Feature fusion code clone detection method and device based on vector database

Technical Field

The invention relates to the technical field of code cloning, in particular to a feature fusion code cloning detection method and device based on a vector database.

Background

Code cloning refers to similar or identical code segments that exist in a software system. The presence of code clones can negatively impact the software project: code cloning can increase the maintenance cost of a software system, lead to code redundancy, reduce software quality, and increase the risk of flaws and vulnerabilities.

Therefore, in order to effectively manage and maintain a software system, code clones need to be detected, analyzed and reconstructed. Code clone detection refers to identifying code clones present in a software system and classifying them into different types.
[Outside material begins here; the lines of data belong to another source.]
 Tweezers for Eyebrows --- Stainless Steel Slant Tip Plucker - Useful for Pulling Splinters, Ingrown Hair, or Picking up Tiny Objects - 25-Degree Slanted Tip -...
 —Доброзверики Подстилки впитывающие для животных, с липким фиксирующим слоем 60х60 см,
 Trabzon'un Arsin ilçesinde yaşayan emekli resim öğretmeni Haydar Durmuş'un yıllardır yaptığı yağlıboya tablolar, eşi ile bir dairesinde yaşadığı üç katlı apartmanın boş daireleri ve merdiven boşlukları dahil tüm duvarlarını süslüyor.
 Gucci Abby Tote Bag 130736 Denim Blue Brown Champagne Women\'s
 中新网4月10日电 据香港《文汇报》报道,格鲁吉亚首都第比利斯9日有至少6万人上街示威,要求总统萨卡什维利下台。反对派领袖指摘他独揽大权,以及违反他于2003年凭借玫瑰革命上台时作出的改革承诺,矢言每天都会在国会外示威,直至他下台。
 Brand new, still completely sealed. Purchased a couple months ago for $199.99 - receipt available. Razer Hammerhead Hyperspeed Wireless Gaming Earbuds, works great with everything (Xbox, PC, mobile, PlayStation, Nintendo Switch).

Code cloning can be classified into the following four types according to its similarity and variation:

type I: identical code segments, except for insignificant differences in blank, comment, and format.
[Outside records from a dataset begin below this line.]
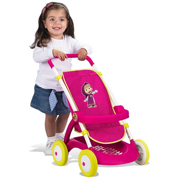Teraz każda księżniczka może zabrać swoją ukochaną lalkę na spacer i poczuć się jak prawdziwa mama. Wózek jest lekki i stabilny, stelaż wykonano zarówno z elementów metalowych, jak i plastikowych. Posiada materiałowe siedzisko z wizerunkiem Maszy, barierkę zabezpieczającą przed wypadnięciem, a także półkę na akcesoria pod siedziskiem.
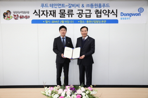 동원홈푸드는 이번 협약을 통해 푸드테인먼트(대표 이주성)가 운영하는 ‘갈비씨’ 전국 20여 개 매장에 연간 50억원 상당의 식자재를 공급한다.
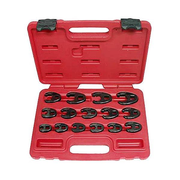 Набор включает в свой состав разрезные ключи-насадки, назначение которых – работа с крепежом, находящимся на трубках, длинных шпильках и прочим крепежом, где применение другого вида инструмента невозможно. Такой тип ключей часто называют "воронья лапка".
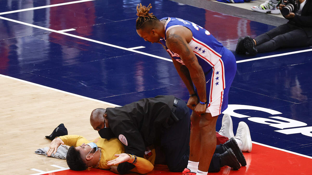 Last night in the third quarter of Game 4 between the 76ers and the Wizards, a fan attempted to charge the court and hit the backboard. Security got him, and several people tweeted out the incident from different angles.
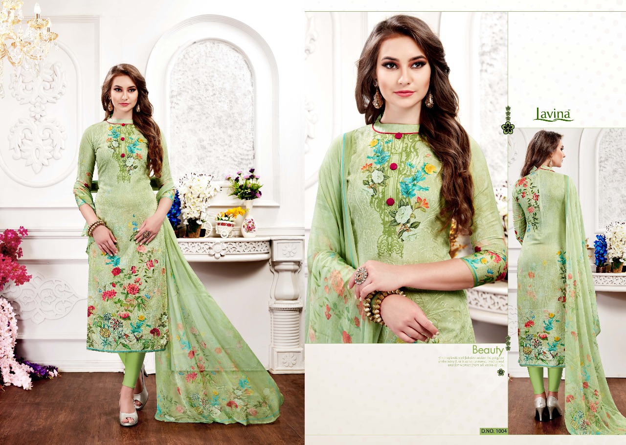 Buy Online Lavina Vibrance Vol 1 Designer Suits Wholesale Supplier And Dealer Surat 8 Pcs of Full Catalogue at Wholesale Price. Looking for Lavina Vibrance Vol 1 Designer Suits Wholesale Supplier And Dealer Surat Full Catalouge at Best Price? Buy Now Lavina Vibrance Vol 1 Designer Suits Wholesale Supplier And Dealer Surat at Wholesale Rate of Rs 12760 with Total 8 Pcs from authroized dealer and supplier of LAVINA Brand. Cost of Each piece is just only Rs 1595 which is very low and affordable price to resale the product in your retail store ,This is Surat based Wholesale Supplier & Dealer of LAVINA Brand. Click on Brand name to Know more about LAVINA Brand's products.Call or Whatsapp on 9898838984 for booking or enquiry
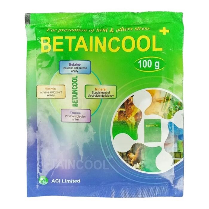 Betaincool Plus 100 gm is a scientifically formulated electrolyte and antistress supplement designed for poultry and fish. Enriched with essential vitamins, minerals, enzymes, and electrolytes, it helps combat dehydration, suffocation, and stress while enhancing immunity, digestion, and overall productivity. citeturn0search0
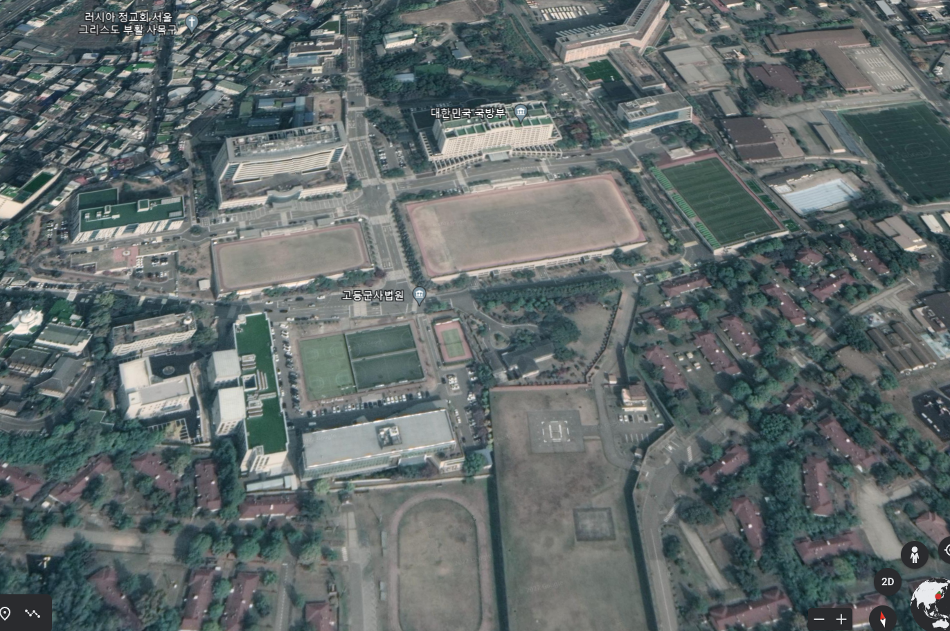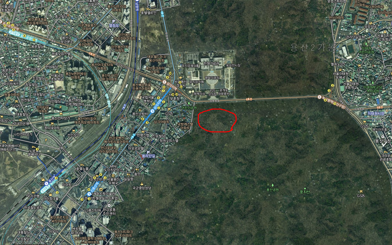 요새 대통령 집무실 새로운 후보로 오른다 해서 인구에 회자하는 용산 국방부 일대 다음위성 지도다. 역시 붉은 색으로 칠한 부분에 들어가야 하는 국방부 청사 건물은 물론이고, 그 일대 다른 군사시설은 모조리 녹지로 처리됐다.
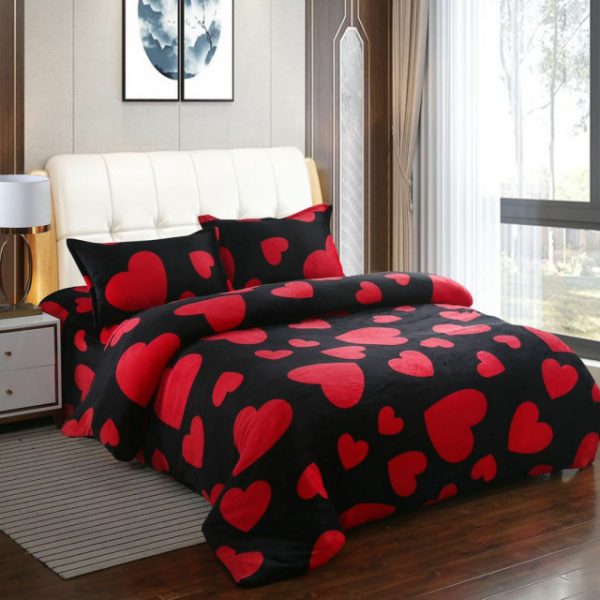 Set Lenjerie Pufoasa Cocolino, 4 Piese, Pat 2 persoane – Sky Home – Red Hearts – PUF8516
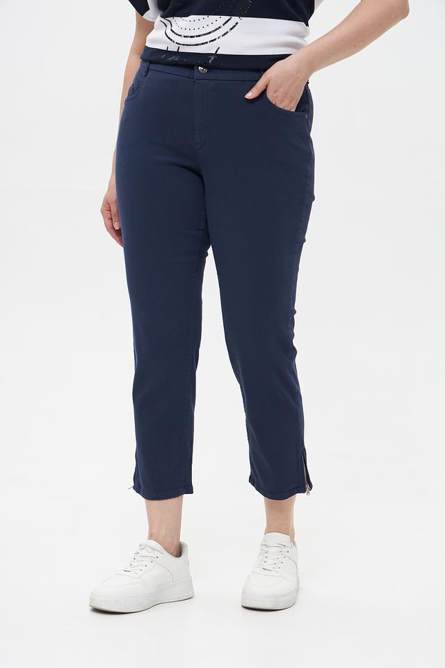 Оригинальным элементом дизайна являются молнии, расположенные на щиколотках, что добавляет брюкам современный акцент. Состав ткани обеспечивает приятные тактильные ощущения и долговечность изделия: 81% хлопок, 17% лиоцел, 2% эластан.
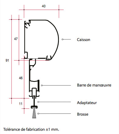 - Coulisses en aluminium anti-vent. Barre de charge de manoeuvre avec adaptateur et brosse mobile. Cordon de tirage 60 mm.

Type II: structurally similar code fragments may have grammatical differences such as identifiers, literal amounts, types, layouts, and nonfunctional statements, in addition to differences in type I.
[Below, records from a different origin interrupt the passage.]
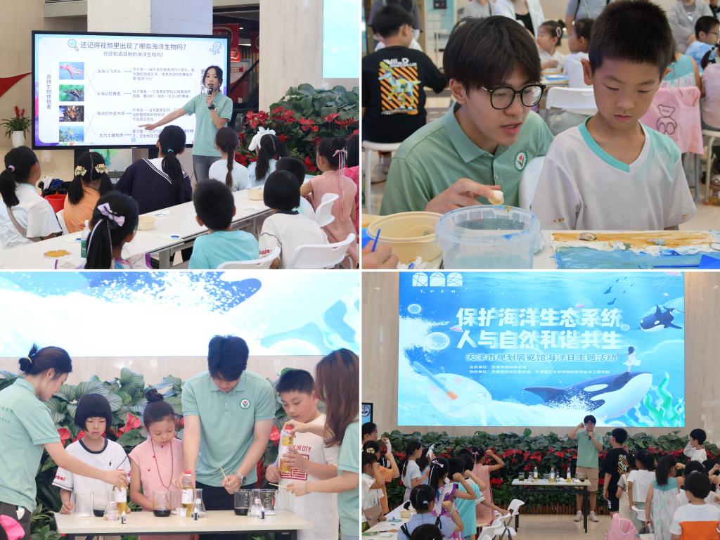 6月8日,環(huán)境科學(xué)與安全工程學(xué)院“碳”索綠境科普團(tuán)聯(lián)合天津市規(guī)劃展覽館,為30組親子家庭帶來了一場生動(dòng)的“守護(hù)藍(lán)色星球”海洋探秘之旅。
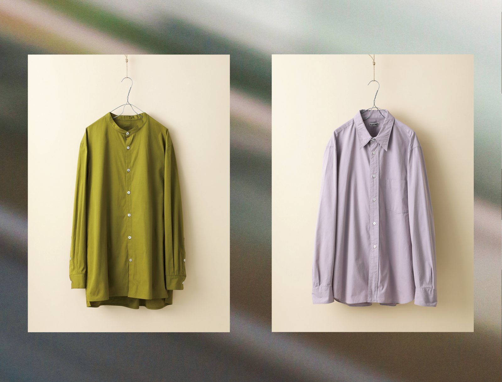 和モダンな配色を楽しむ、バンドカラーシャツ
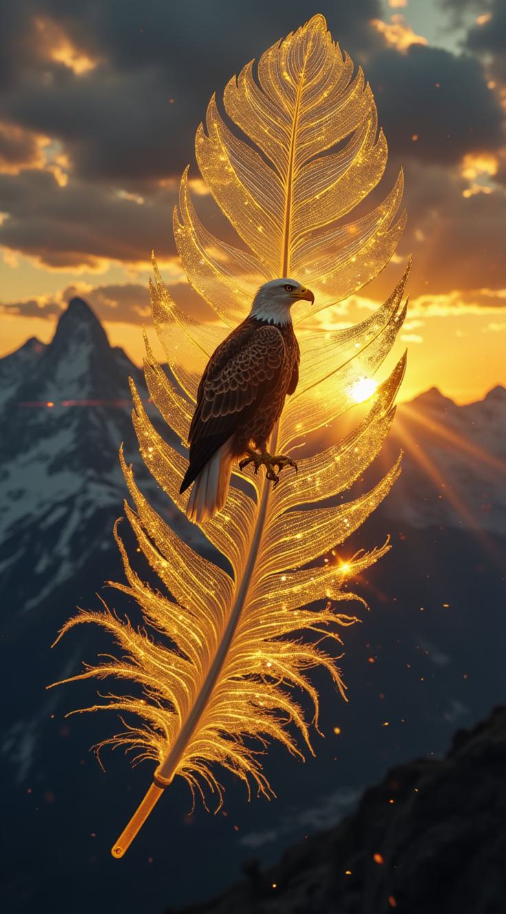 Представь перо как портал в мир природы. Внутри его контура разверни драматическую сцену: величественный белоголовый орлан, словно вырывающийся из пера, парит над горным пейзажем на фоне закатного неба. Перо должно выглядеть живым, с плавными переливами цвета от белого к золотистому. Создай ощущение магии и силы, будто орлан и природа — единое целое, заключённое в форме пера. Добавь лёгкую дымку и падающие листья, подчёркивающие динамику композиции. Композиция вертикальная, фон — светлый, нейтральный.

Type III: on the basis of type II, there are also differences such as statement addition, deletion or modification.

Type IV: functionally similar or equivalent code segments, but with greater differences in syntax and semantics.

At present, the common code similarity detection methods mainly comprise the following steps: text-based, lexical-based, grammatical-based, index-based, semantic-based, etc. The chinese patent document with publication number CN115587358A discloses a binary code similarity detection method, which comprises: acquiring a control flow chart of a function of the binary firmware file; extracting semantic information to obtain a code block embedded vector of the control flow chart; obtaining depth semantic features of a control flow chart through embedding vectors into code blocks, and determining sequence perception features of the code block embedding vectors; fusing the depth semantic features and the sequence perception features to obtain a graph embedding vector; the similarity of the functions is calculated by embedding vectors through the graph.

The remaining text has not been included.